Kehomogenan Ragam (Homoskedastisitas)
Untuk menguji homoskedastisitas akan digunakan uji Breusch Pagan
##
## studentized Breusch-Pagan test
##
## data: lm4
## BP = 0.85834, df = 1, p-value = 0.3542
Hipotesis
H0 : Ragam Homogen
H1 : Ragam tidak homogen
Tingkat Signifikansi : 0.05
Statistik Uji : pvalue=0.3542
Keputusan : Karena p-value (0.3542) > alpha (0.05) maka gagal tolak H0.

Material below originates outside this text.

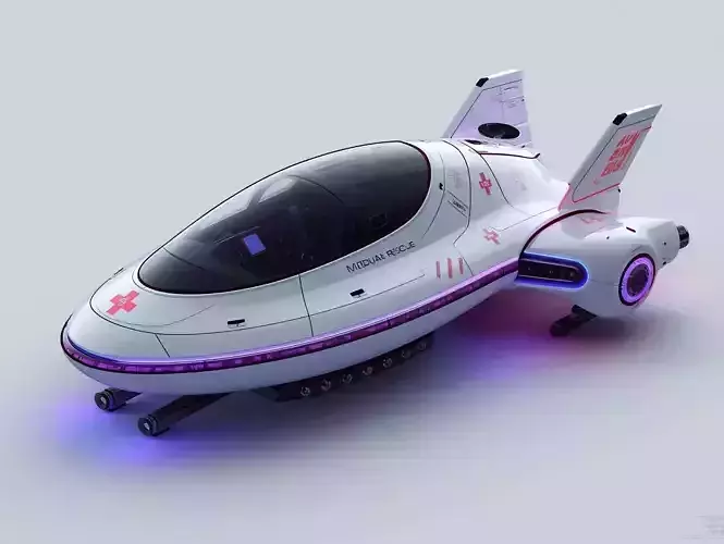 Futuristic Modular Rescue / Airlift Vehicle 3D ModelDescriptionThis 3D model presents a highly advanced and modular Futuristic Rescue or Airlift Vehicle. It utilizes a sleek, rounded hull design and is clearly designated for emergency and medical operations, perfect for high-tech or sci-fi search-and-rescue scenes.
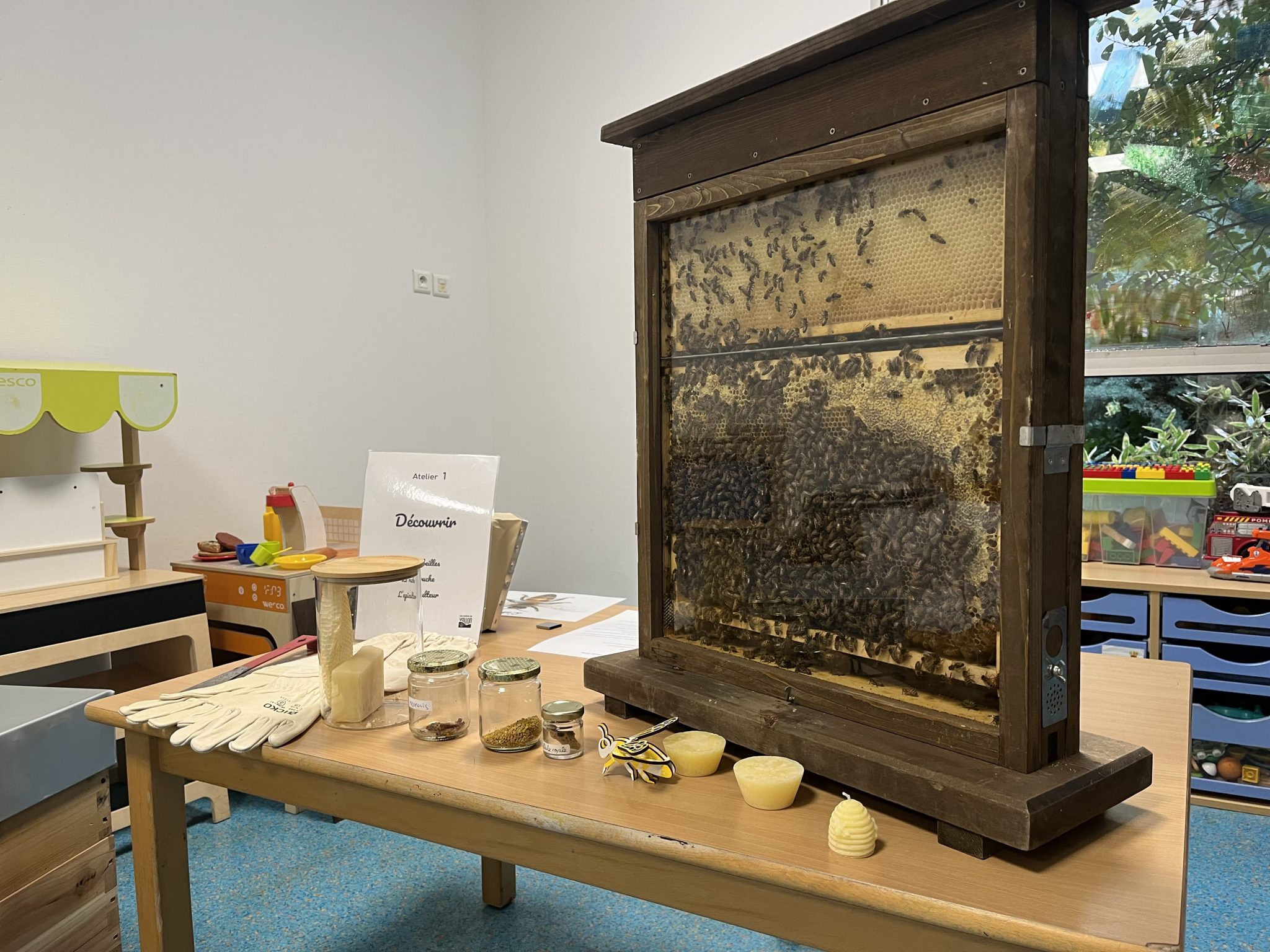 - Le monde de la ruche : Observation sécurisée et explication de l’organisation sociale des abeilles (reine, ouvrières, faux-bourdons).

Kesimpulan : Dengan tingkat keyakinan 95%, kita yakin bahwa ragam homogen (asumsi homoskedastisitas terpenuhi)
Autokorelasi
Uji autokorelasi akan diuji dengan uji Durbin Watson
##
## Durbin-Watson test
##
## data: lm4
## DW = 2.5001, p-value = 0.8604
## alternative hypothesis: true autocorrelation is greater than 0
Hipotesis
H0 : Tidak ada auto korelasi dari galat
H1 : Ada auto korelasi dari galat
Tingkat signifikansi : 0.05
Statistik uji : pvalue=0.8604
Keputusan : Karena nilai pvalue (0.7851) > alpha (0.05) maka gagal tolak H0
Kesimpulan : Dengan tingkat kepercayaan 95%, kita yakin bahwa tidak ada auto korelasi pada galat.
Uji-uji asumsi menunjukkan bahwa solusi menghilangkan variabel Triceps dan Midarm pada model cukup berhasil untuk menghasilkan model yang baik.
Persamaan Regresi
##
## Call:
## lm(formula = BodyFat ~ Thigh, data = dataBodyFat)
##
## Residuals:
## Min 1Q Median 3Q Max
## -4.4949 -1.5671 0.1241 1.3362 4.4084
##
## Coefficients:
## Estimate Std. Error t value Pr(>|t|)
## (Intercept) -23.6345 5.6574 -4.178 0.000566 ***
## Thigh 0.8565 0.1100 7.786 3.6e-07 ***
## ---
## Signif. codes: 0 '***' 0.001 '**' 0.01 '*' 0.05 '.' 0.1 ' ' 1
##
## Residual standard error: 2.51 on 18 degrees of freedom
## Multiple R-squared: 0.771, Adjusted R-squared: 0.7583
## F-statistic: 60.62 on 1 and 18 DF, p-value: 3.6e-07
Persamaan Regresi
BodyFat = -23.6345 + (0.8565) Thigh
Interpretasi :
- Setiap kenaikan satu satuan Thigh menyebabkan Body Fat naik sebesar 0.8565 dengan mengganggap variabel lain konstan.
Multiple R-squared = 0.771 yang artinya BodyFat dapat dijelaskan oleh Thigh sebesar 77.1% sedangkan 22.9% dijelaskan oleh faktor lain diluar model.